This part consists of Chapters One to Five:

- Chapter One argues that the language emerging from the Hebrew reclamation should be called Israeli (otherwise known as Modern Hebrew). According to this chapter, Israeli is a hybridic revival language resulting from cross-fertilization between Hebrew and Yiddish, as well as with other languages that – like Yiddish – were spoken by the Hebrew revivalists. In Zuckermann's terms, Israeli is “a mosaic rather than Mosaic tout court”. According to Kafrissen, "one of the most interesting aspects is how Zuckermann explores (and conceptualizes) the Yiddish substrata of ‘Israeli.’ Not just Yiddish words that have been brought into the language, but the innumerable direct translations (calques) from Yiddish to ‘Israeli’, as well as carried over linguistic forms."
- Chapter Two demonstrates in detail that grammatical “cross-fertilization” between the language being revived and the revivalists’ first languages is inevitable even in the case of successful “revival languages”. According to Zuckermann, “revival languages” contradict the tree model in historical linguistics. A tree model implies that a language has only one parent, but Zuckermann argues that successful “revival languages” follow the congruence principle, which is statistical and feature-based. According to Timothy Haines, "Zuckermann advocates acceptance of 'hybridism' rather than 'purism', with a recognition that to be reclaimed and remain a living, accreting language, loanwords and grammatical cross‐fertilizations are unavoidable, particularly from the revivalists' mother tongues." "Zuckermann's revivalistics 'discards any imprisoning purism prism … Hybridization results in new diversity, which is beautiful.' (p. 209 [of Revivalistics])."
- Chapter Three focusses on language as a useful tool for nationhood and vice versa. It provides examples of semantic secularization involving ideological “lexical engineering”, as exemplified by deliberate, subversive processes of extreme semantic shifting, pejoration, amelioration, trivialization and allusion.
- Chapter Four proposes that language academies are useful for a revival language – but only until the revival language becomes a “fully-fledged, alive and kicking” tongue.
- Chapter Five, entitled “Shift Happens: Tarbutomics, Israeli Culturomics”, explores culturomics as a useful quantitative tool for revivalistics and linguistics. Culturomics is described in this chapter as a trans-disciplinary form of computational lexicology that studies human behaviour, language, and cultural and historical trends through the quantitative analysis of texts. Zuckermann's term tarbutomics is based on תרבות (tarbút), which means .

=== Part two ===
The second part of the book applies lessons from the Hebrew reclamation to language revival movements in Australia and globally. It describes systematically the why of language revival by proposing ethical, aesthetic and utilitarian reasons for language revival. It also describes the how of language revival, offering practical methods for reviving tongues.

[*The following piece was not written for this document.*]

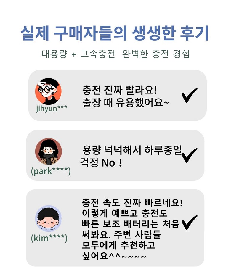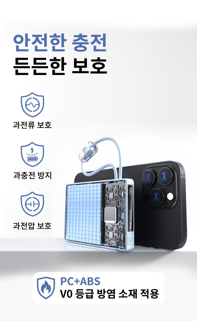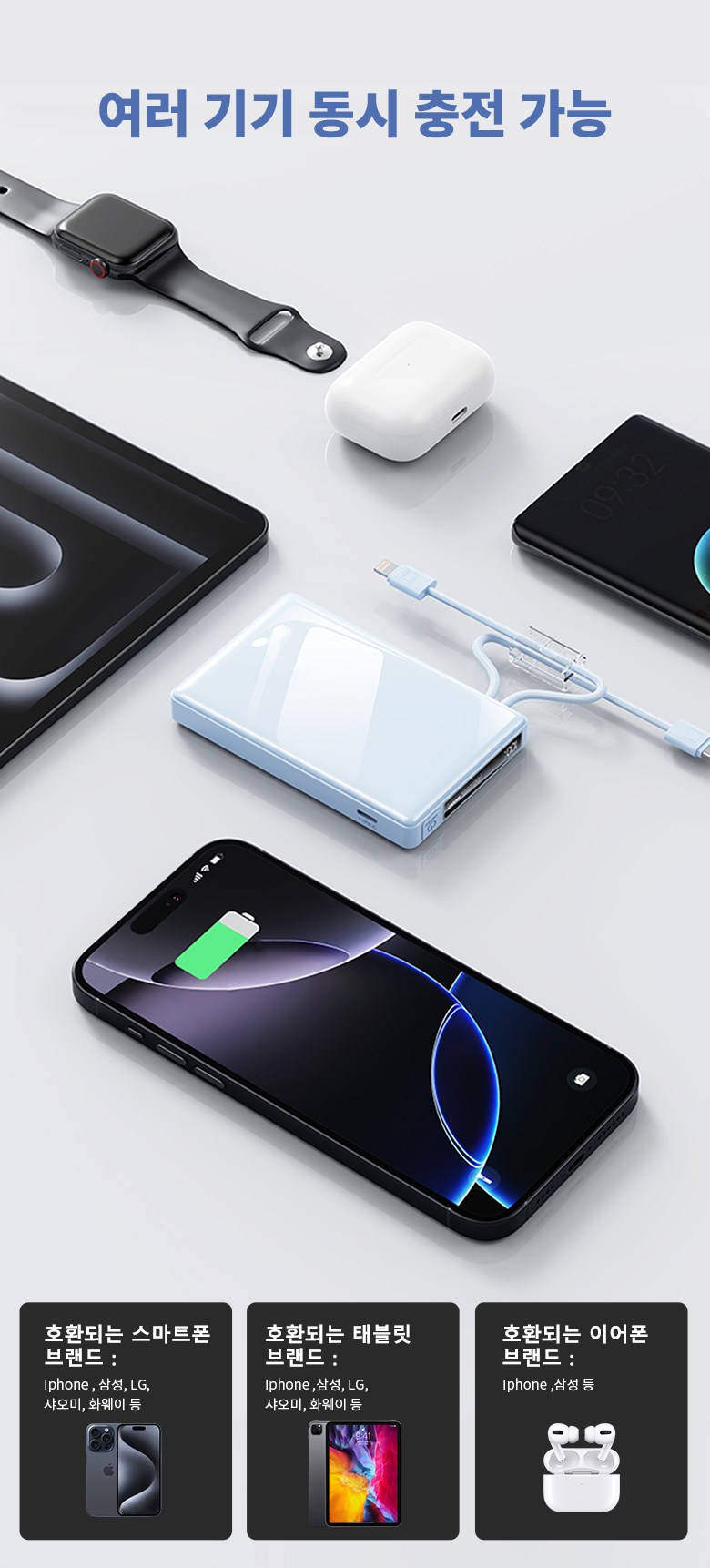 - 장기간 사용하지 않을 때는 휴대용 충전기 잔량을 **50%~70%**로 유지한 후 보관하고, 건조하고 서늘하며 통풍이 잘되는 곳에 두세요. 고온、습기 많은 환경、강자기장 환경(냉장고、전자레인지、자석 근처)에서는 멀리하세요.

According to Professor Joseph Lo Bianco: "Zuckermann expands from the often celebrated case of the revival of the Hebrew in the late nineteenth and early twentieth centuries to discuss what can be learned and applied, and what does not lend itself to such cross-context application, for other endangered languages." "Revivalistics expands the scope of what is aimed for in reversing language shift to contemplating questions beyond revival potential to compensation for acts of historic linguicide and contemporary neglect."

According to the Māori language Professor Hēmi Whaanga: “there are many insightful lessons that can be garnered from this book to assist and guide our Māori language communities. For individuals and groups involved in language planning, language revitalisation, Māori-medium education contexts, I would definitely recommend the second part of this book. In particular the concept of native tongue title and the notion of seeking compensation for linguicide, and the correlation between language revival and wellbeing, are two areas worthy of further exploration in an Aotearoa New Zealand context. As noted in many places throughout this fascinating book, language is the vehicle that carries our deepest thoughts, our ideas, customs, genealogy, history, mythology, songs, prayers, dreams, hopes, desires, frustrations, anger, knowledge, and identity. It is at the core of our existence.”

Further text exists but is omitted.